6) Remove electrodes from solution and repeat from 1) with higher concentration standards or next sample.

Apparatus Required:

Ion-Selective Electrode for Barium ion (ELIT 8081 PVC membrane)

Reference electrode: single junction silver chloride (ELIT 001)

Dual electrode head (ELIT 201)

Standard solution: 1000 ppm Ba as BaCl₂

ELIT Computer Interface/Ion Analyser, or Ion/pH/mV meter.

100 or 150 ml polypropylene beakers, 100ml volumetric flask, 1, 2, 5, 10ml pipettes.

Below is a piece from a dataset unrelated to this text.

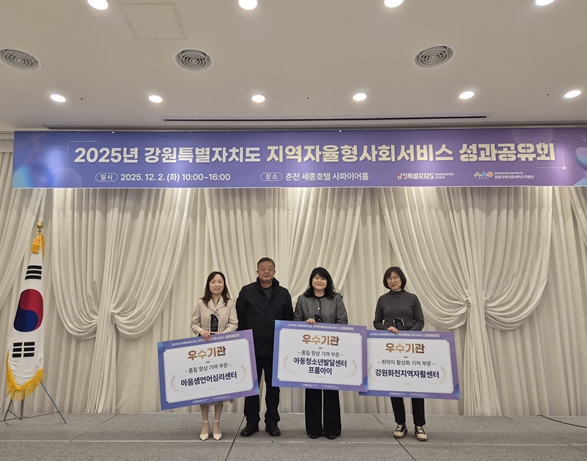 우수기관은 품질향상부문 마음샘언어심리센터, 아동청소년발달센터프롬아이, 에스엠천사가 선정됐으며, 취약지 활성화 기여부문에는 강원화천지역자활센터, 사회적협동조합마음품다가 선정됐다.

Before use, the electrodes must be Pre-conditioned by soaking in 1000 ppm Ba for at least 5 mins if the electrodes are in regular use or preferably overnight or even longer on first use or after a prolonged rest. If the sample concentration is completely unknown then an initial calibration must be made by measuring say 1, 10, 100, 1000 ppm standards and finding the slope in the conventional manner. This can then be used to measure a few representative samples by Direct Potentiometry. Once the concentration range expected for the samples is known then a more precise calibration can be made under the current operating conditions and in the appropriate range by making up a standard with approximately the same concentration as the samples and analysing it by the Standard Addition method, then adjusting the slope and recalculating using the ELIT software until the calculated concentration is correct. If samples have a wide range of concentrations, over several orders of magnitude, then it may be necessary to use different standards for each decade of concentration to ensure the most accurate slope determination.

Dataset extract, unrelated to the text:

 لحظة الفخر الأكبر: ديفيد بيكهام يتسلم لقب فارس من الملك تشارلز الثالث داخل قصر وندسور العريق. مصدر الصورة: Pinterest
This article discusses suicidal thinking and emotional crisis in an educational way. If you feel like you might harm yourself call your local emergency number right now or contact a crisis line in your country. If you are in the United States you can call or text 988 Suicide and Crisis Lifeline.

1) Pipette the pre-determined sample volume (usually 50 or 100ml) into a beaker, immerse the electrodes, manually swirl the solution then leave to stand still and watch as the voltage falls to a stable value or starts to rise again. Record the stable voltage or the lowest value before it starts to rise again.

2) Add the calculated volume of standard and swirl or stirr well until a roughly stable reading indicates that two solutions have completely mixed. Then wait with still solution (switch off stirrer, if used) for a new stable voltage or reversal of drift (when the electrodes have re-equilibrated) and record the second reading.

The software will then calculate the sample concentration and give an estimate of the quality of the determination - if the sample concentration is very different from the expected value then you will be prompted to make a second measurement using a more appropriate volume or concentration of standard.